■ **Required work**
Below, find the line containing "있다. [사진=인천환경공단] |" and the line containing "行星分散混合機(jī)有高速"; reproduce exactly those two and every line between them, omitting pictures.
═════ Data for the task ═════
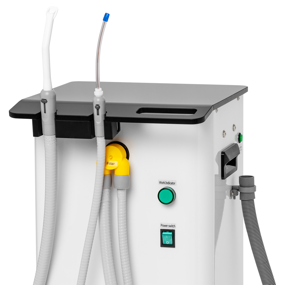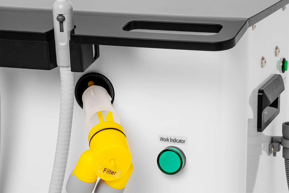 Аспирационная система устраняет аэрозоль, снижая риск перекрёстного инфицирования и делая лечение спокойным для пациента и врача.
═════
═════ Data for the task ═════
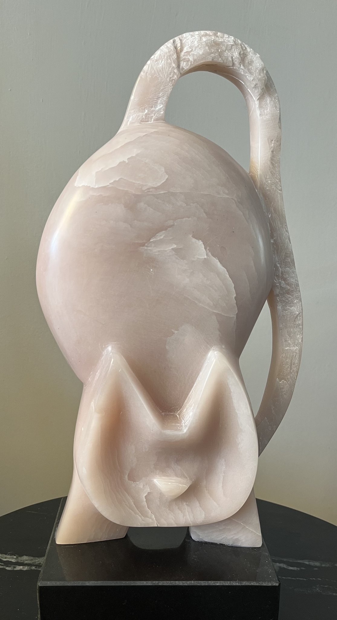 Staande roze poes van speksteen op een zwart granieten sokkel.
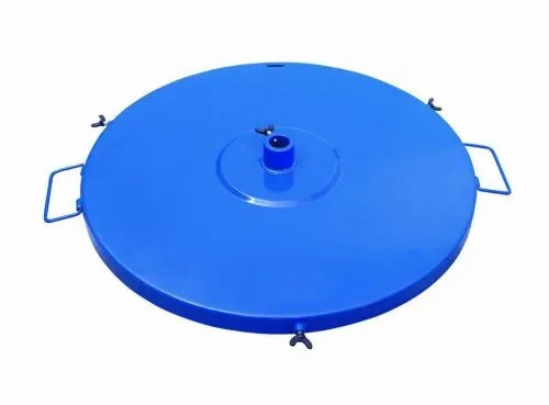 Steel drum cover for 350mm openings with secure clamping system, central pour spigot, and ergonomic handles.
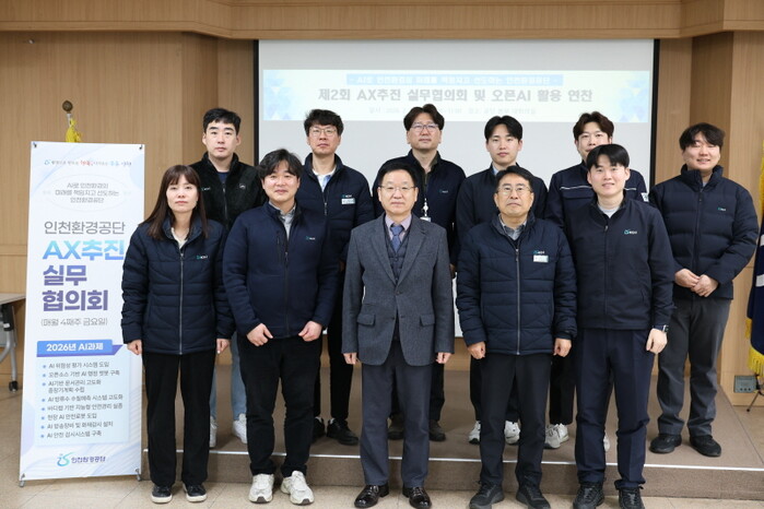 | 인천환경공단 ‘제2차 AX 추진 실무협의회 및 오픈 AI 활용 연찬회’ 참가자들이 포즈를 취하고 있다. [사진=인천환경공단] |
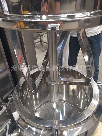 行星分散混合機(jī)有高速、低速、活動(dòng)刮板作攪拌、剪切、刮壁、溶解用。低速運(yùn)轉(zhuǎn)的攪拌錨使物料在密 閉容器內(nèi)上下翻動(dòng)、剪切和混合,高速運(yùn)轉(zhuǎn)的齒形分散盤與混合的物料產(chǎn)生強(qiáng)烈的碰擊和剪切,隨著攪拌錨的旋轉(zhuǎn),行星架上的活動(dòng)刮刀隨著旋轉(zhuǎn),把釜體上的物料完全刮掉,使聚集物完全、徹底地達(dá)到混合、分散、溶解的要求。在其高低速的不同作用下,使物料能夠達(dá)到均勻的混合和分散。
═════
■ **Written answer**
 | 인천환경공단 ‘제2차 AX 추진 실무협의회 및 오픈 AI 활용 연찬회’ 참가자들이 포즈를 취하고 있다. [사진=인천환경공단] |
 行星分散混合機(jī)有高速、低速、活動(dòng)刮板作攪拌、剪切、刮壁、溶解用。低速運(yùn)轉(zhuǎn)的攪拌錨使物料在密 閉容器內(nèi)上下翻動(dòng)、剪切和混合,高速運(yùn)轉(zhuǎn)的齒形分散盤與混合的物料產(chǎn)生強(qiáng)烈的碰擊和剪切,隨著攪拌錨的旋轉(zhuǎn),行星架上的活動(dòng)刮刀隨著旋轉(zhuǎn),把釜體上的物料完全刮掉,使聚集物完全、徹底地達(dá)到混合、分散、溶解的要求。在其高低速的不同作用下,使物料能夠達(dá)到均勻的混合和分散。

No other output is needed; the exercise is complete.